__Work order__.
All lines below starting at the one that holds "٢٧٧ - وَأَخْبَرَنِي" and ending at the one that holds "[점프볼=창원/유용우 기자] 13일" should be printed exactly, ends included. Pictures should not be printed, nor anything else.

__Input data__.
•••

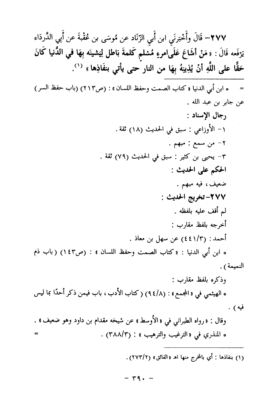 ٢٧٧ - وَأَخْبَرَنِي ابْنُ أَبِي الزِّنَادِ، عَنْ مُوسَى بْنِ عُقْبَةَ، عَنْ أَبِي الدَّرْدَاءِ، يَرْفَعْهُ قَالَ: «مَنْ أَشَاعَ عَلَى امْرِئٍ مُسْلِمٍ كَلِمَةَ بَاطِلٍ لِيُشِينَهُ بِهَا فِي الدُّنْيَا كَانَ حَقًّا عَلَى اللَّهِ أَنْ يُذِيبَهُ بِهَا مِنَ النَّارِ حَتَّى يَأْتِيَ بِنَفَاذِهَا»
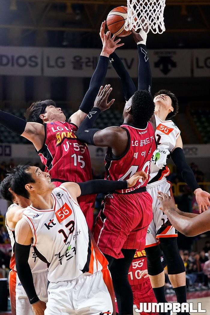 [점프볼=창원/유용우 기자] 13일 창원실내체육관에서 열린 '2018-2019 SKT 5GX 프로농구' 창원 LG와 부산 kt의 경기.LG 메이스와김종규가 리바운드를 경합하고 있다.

•••

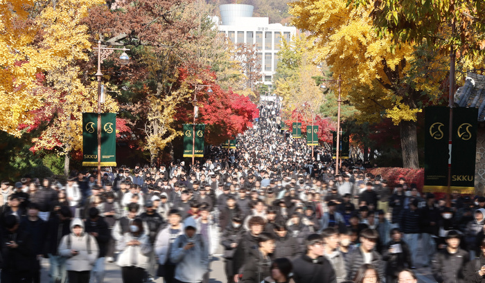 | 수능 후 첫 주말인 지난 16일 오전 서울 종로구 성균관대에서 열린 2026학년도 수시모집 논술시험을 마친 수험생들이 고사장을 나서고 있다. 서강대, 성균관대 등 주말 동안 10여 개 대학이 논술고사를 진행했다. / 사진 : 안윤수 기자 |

•••

__Reply to the exercise__.
 ٢٧٧ - وَأَخْبَرَنِي ابْنُ أَبِي الزِّنَادِ، عَنْ مُوسَى بْنِ عُقْبَةَ، عَنْ أَبِي الدَّرْدَاءِ، يَرْفَعْهُ قَالَ: «مَنْ أَشَاعَ عَلَى امْرِئٍ مُسْلِمٍ كَلِمَةَ بَاطِلٍ لِيُشِينَهُ بِهَا فِي الدُّنْيَا كَانَ حَقًّا عَلَى اللَّهِ أَنْ يُذِيبَهُ بِهَا مِنَ النَّارِ حَتَّى يَأْتِيَ بِنَفَاذِهَا»
 [점프볼=창원/유용우 기자] 13일 창원실내체육관에서 열린 '2018-2019 SKT 5GX 프로농구' 창원 LG와 부산 kt의 경기.LG 메이스와김종규가 리바운드를 경합하고 있다.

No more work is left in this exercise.